**Problem:**
Print the listing below exactly, images excluded.

**Dataset extract:**
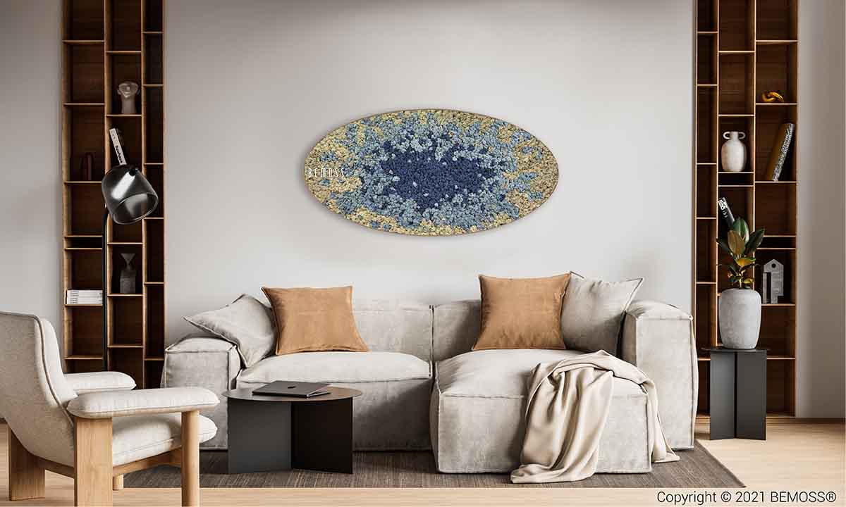 De BEMOSS® SPLASH mosschilderij kan in verschillende houten lijsten gekozen worden. De afbeelding is slechts een illustratief beeld van het product, het toont een ellips met afmetingen 50x100cm. Er worden getypte formaten geproduceerd, maar het is natuurlijk mogelijk om een schilderij van elk formaat volgens uw wensen te vervaardigen. Schrijf ons gewoon op eshop@bemossnl.nl
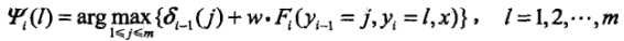 求出对应于位置i的各个标记l = 1, 2, ..., m的非规范化概率的最大值(该值的结果是依赖于之前的所有位置的,并且用于计算的值都是之前求好的,动态规划思想),同时记录非规范化概率最大值的路径
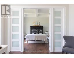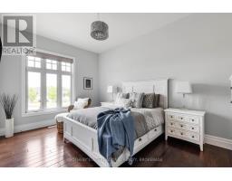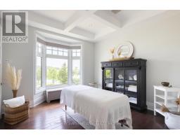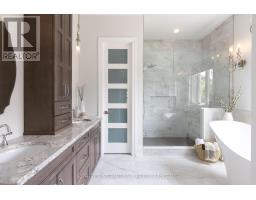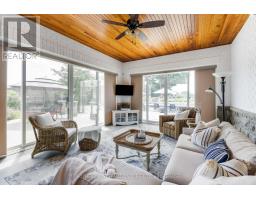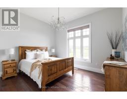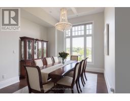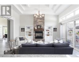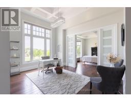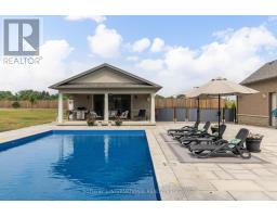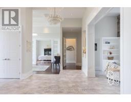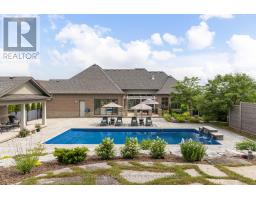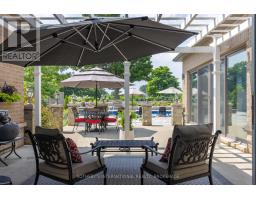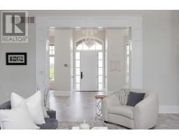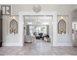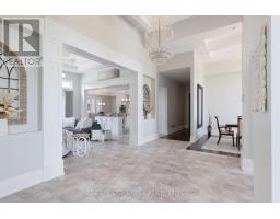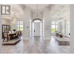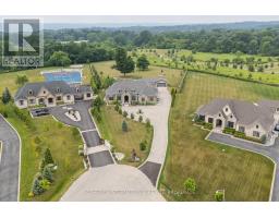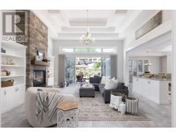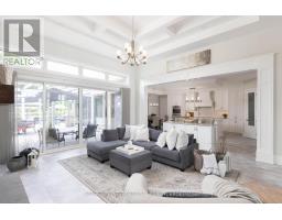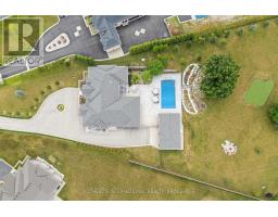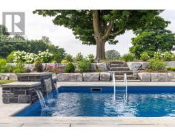 An unparalleled estate residence in the heart of Dundas' most prestigious enclave. Poised on a pristine, professionally manicured two-acre lot backing directly onto the protected conservation lands of Tews Falls, this extraordinary bungalow offers over 4,000 square feet of exquisite main floor living, meticulously crafted with the finest materials and finishes available. Every element of this home speaks to luxury and sophistication. Dramatic coffered ceilings soaring from 10 to 18 feet frame the interior with architectural distinction, while expansive principal rooms flow effortlessly under a canopy of custom millwork, oversized baseboards, detailed crown mouldings, and designer lighting. The heart of the home is the gourmet chefs kitchen, an entertainers dream complete with top-tier appliances, bespoke cabinetry, an oversized island, and a fully outfitted walk-in pantry, all opening to the magnificent great room with its sweeping views of the lush grounds beyond. Offering 4 spacious bedrooms on the main level, including an opulent primary suite. With dual walk-in closets, a spa-like ensuite, and tranquil views of the rear gardens, it is a private retreat of the highest order. An additional fifth bedroom is located in the fully finished lower level, which has been designed as a self-contained suite with its own full kitchen, bath, and living area ideal for extended family or guests. The rear yard is a resort-caliber oasis, featuring a heated in-ground pool, elegant cabana, your own putting green, mature trees and conservation views. A four-season sunroom invites year-round enjoyment of the surrounding nature, while four garage bays provide ample room for automotive enthusiasts. The lower level is finished to the same exceptional standard as the main floor, with wide-plank flooring, designer tilework, custom built-ins, and premium fixtures throughout. Recently, the property has undergone numerous high-end upgrades, further enhancing its already impeccable quality. (id:61594)

**Reply to the task:**
 De BEMOSS® SPLASH mosschilderij kan in verschillende houten lijsten gekozen worden. De afbeelding is slechts een illustratief beeld van het product, het toont een ellips met afmetingen 50x100cm. Er worden getypte formaten geproduceerd, maar het is natuurlijk mogelijk om een schilderij van elk formaat volgens uw wensen te vervaardigen. Schrijf ons gewoon op eshop@bemossnl.nl
 求出对应于位置i的各个标记l = 1, 2, ..., m的非规范化概率的最大值(该值的结果是依赖于之前的所有位置的,并且用于计算的值都是之前求好的,动态规划思想),同时记录非规范化概率最大值的路径
 An unparalleled estate residence in the heart of Dundas' most prestigious enclave. Poised on a pristine, professionally manicured two-acre lot backing directly onto the protected conservation lands of Tews Falls, this extraordinary bungalow offers over 4,000 square feet of exquisite main floor living, meticulously crafted with the finest materials and finishes available. Every element of this home speaks to luxury and sophistication. Dramatic coffered ceilings soaring from 10 to 18 feet frame the interior with architectural distinction, while expansive principal rooms flow effortlessly under a canopy of custom millwork, oversized baseboards, detailed crown mouldings, and designer lighting. The heart of the home is the gourmet chefs kitchen, an entertainers dream complete with top-tier appliances, bespoke cabinetry, an oversized island, and a fully outfitted walk-in pantry, all opening to the magnificent great room with its sweeping views of the lush grounds beyond. Offering 4 spacious bedrooms on the main level, including an opulent primary suite. With dual walk-in closets, a spa-like ensuite, and tranquil views of the rear gardens, it is a private retreat of the highest order. An additional fifth bedroom is located in the fully finished lower level, which has been designed as a self-contained suite with its own full kitchen, bath, and living area ideal for extended family or guests. The rear yard is a resort-caliber oasis, featuring a heated in-ground pool, elegant cabana, your own putting green, mature trees and conservation views. A four-season sunroom invites year-round enjoyment of the surrounding nature, while four garage bays provide ample room for automotive enthusiasts. The lower level is finished to the same exceptional standard as the main floor, with wide-plank flooring, designer tilework, custom built-ins, and premium fixtures throughout. Recently, the property has undergone numerous high-end upgrades, further enhancing its already impeccable quality. (id:61594)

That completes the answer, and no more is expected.